Avec un navire bloqué devant le port depuis mardi matin, le champagne sorti la veille par Corsica Linea lors du petit apéritif de sa mise en service doit avoir un tout autre goût. Depuis, les interpellations et menaces se sont multipliées depuis la Corse. Mais même un recours en référé n’a pas débloqué la situation. Immédiatement après la décision du tribunal ordonnant ce vendredi après-midi à la CGT marins de laisser accoster le Stena Carrier, celui-ci a fait un nouvel essai infructueux, comme le montre ce relevé de position du site Marine Traffic.
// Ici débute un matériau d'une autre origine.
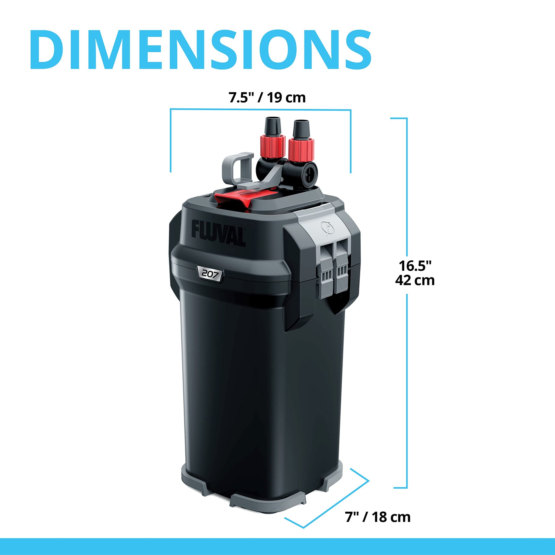 Der Fluval 207 ist ideal für Aquarien mit einem Volumen von 60 bis 220 Litern konzipiert. Mit einer Pumpenleistung von 780 Litern pro Stunde gewährleistet er eine effiziente und zuverlässige Filterung für diese Beckengrösse.

Capture d'écran du site Marine Traffic vendredi à 16h30
Capture d’écran du site Marine Traffic vendredi à 16 h 30.

En fin d’après-midi, à l’issue d’une assemblée générale, le secrétaire de la CGT marins Frédéric Alpozzo, nommément visé par la plainte de Corsica Linea, appelait à la levée du blocus. Pas sûr que cela mette fin aux rondes du Stena Carrier. La ligne de défense de Yann Arnoux-Pollak, l’avocat de Frédéric Alpozzo et du syndicat était de minorer voire de nier leur responsabilité dans ce blocage, soulignant le large rassemblement que recouvre l’appel à la grève. Interrogé sur l’éventualité d’une décision défavorable du tribunal, le secrétaire du comité d’entreprise Marcel Faure (CGT) se faisait malicieux : « On fera un grand communiqué. » Sous-entendu : « Et on verra. »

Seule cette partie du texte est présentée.